## [How to complete this task]
Extract the run of lines that starts at the top of the records below and ends at the line with "As part of their", keeping both ends and excluding pictures.

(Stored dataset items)
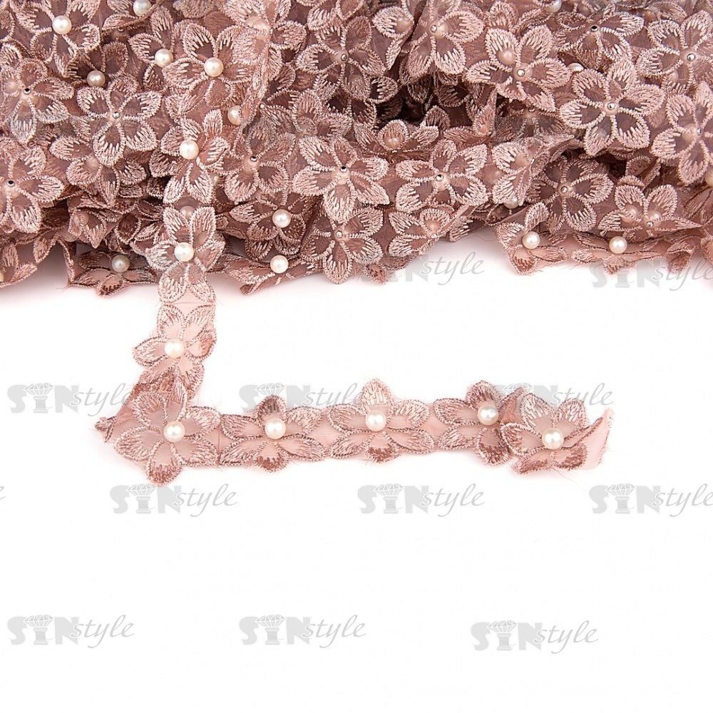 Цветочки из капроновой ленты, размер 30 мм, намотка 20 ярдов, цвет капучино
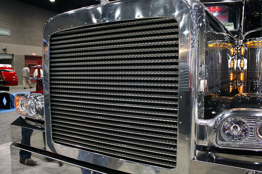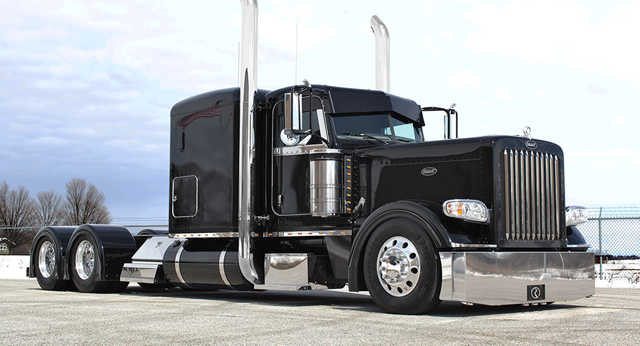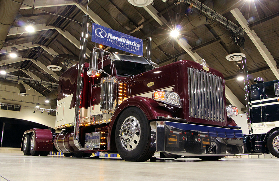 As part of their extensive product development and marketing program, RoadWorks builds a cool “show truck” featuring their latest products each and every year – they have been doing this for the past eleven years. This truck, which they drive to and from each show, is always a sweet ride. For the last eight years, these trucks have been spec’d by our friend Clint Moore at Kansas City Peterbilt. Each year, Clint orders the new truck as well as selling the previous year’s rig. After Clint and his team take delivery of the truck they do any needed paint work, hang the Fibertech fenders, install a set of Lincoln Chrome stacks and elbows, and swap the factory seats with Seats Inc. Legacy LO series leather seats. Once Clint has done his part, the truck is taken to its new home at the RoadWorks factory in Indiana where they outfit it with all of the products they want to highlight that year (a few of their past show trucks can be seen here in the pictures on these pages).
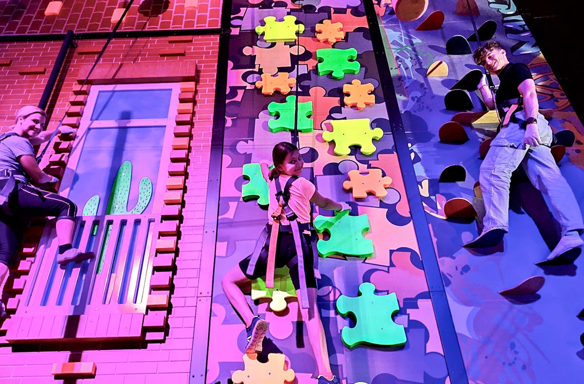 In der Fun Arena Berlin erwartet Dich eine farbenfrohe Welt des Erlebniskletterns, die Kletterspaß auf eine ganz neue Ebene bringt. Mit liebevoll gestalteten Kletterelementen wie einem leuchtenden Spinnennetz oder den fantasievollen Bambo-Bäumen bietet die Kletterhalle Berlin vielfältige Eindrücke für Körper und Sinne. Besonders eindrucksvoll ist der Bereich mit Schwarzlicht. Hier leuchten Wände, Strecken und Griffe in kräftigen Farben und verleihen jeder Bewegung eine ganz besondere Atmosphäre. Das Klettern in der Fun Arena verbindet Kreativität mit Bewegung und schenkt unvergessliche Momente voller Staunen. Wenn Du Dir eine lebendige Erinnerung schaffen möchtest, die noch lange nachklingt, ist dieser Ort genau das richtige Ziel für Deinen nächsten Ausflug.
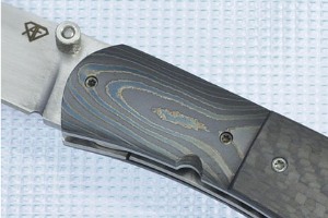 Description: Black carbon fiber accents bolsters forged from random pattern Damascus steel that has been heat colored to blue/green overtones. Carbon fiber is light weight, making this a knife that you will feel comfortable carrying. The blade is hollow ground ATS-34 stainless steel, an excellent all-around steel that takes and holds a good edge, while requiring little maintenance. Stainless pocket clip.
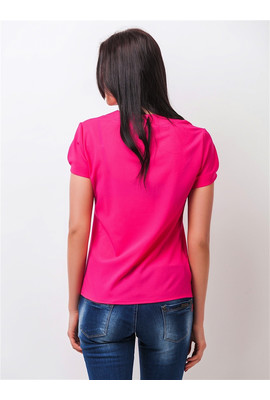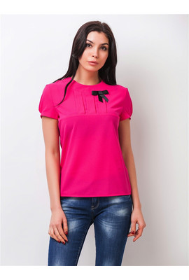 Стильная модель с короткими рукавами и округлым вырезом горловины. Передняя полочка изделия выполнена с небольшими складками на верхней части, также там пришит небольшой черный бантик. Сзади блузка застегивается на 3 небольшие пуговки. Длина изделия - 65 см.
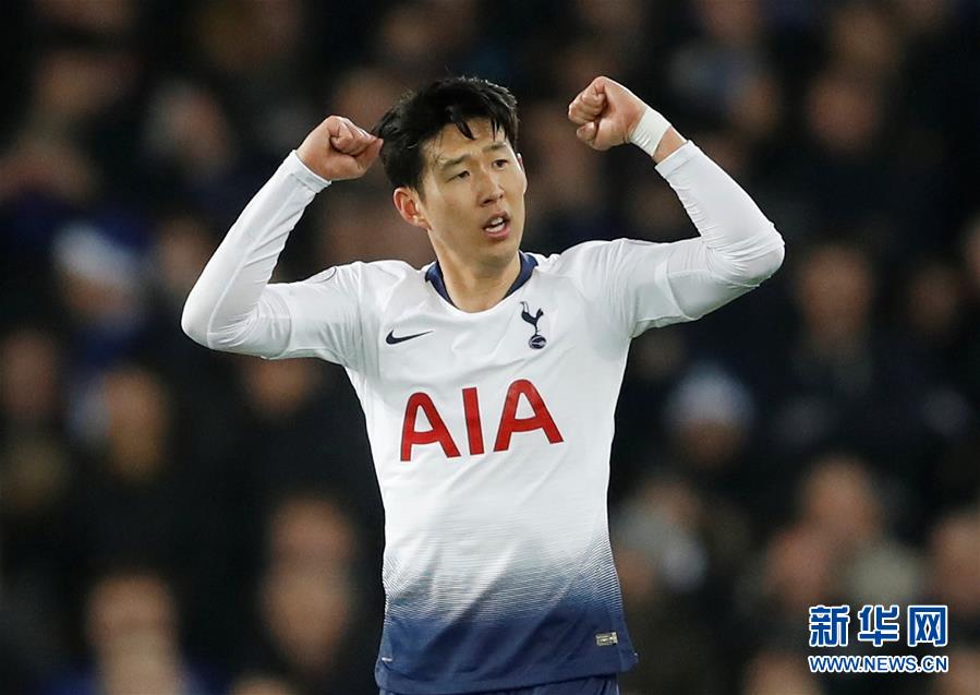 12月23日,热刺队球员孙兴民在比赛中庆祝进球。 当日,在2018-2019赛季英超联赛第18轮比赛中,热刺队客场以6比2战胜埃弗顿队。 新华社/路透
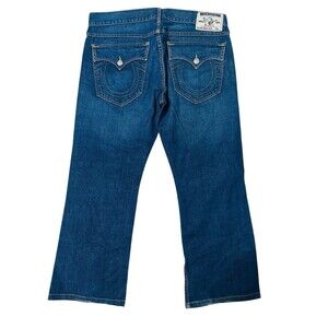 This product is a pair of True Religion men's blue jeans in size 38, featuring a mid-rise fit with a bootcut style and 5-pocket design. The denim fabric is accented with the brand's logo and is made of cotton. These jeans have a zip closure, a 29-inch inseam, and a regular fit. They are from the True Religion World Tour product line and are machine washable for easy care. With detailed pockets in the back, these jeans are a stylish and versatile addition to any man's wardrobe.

## [Answer to the problem]
 Цветочки из капроновой ленты, размер 30 мм, намотка 20 ярдов, цвет капучино
 As part of their extensive product development and marketing program, RoadWorks builds a cool “show truck” featuring their latest products each and every year – they have been doing this for the past eleven years. This truck, which they drive to and from each show, is always a sweet ride. For the last eight years, these trucks have been spec’d by our friend Clint Moore at Kansas City Peterbilt. Each year, Clint orders the new truck as well as selling the previous year’s rig. After Clint and his team take delivery of the truck they do any needed paint work, hang the Fibertech fenders, install a set of Lincoln Chrome stacks and elbows, and swap the factory seats with Seats Inc. Legacy LO series leather seats. Once Clint has done his part, the truck is taken to its new home at the RoadWorks factory in Indiana where they outfit it with all of the products they want to highlight that year (a few of their past show trucks can be seen here in the pictures on these pages).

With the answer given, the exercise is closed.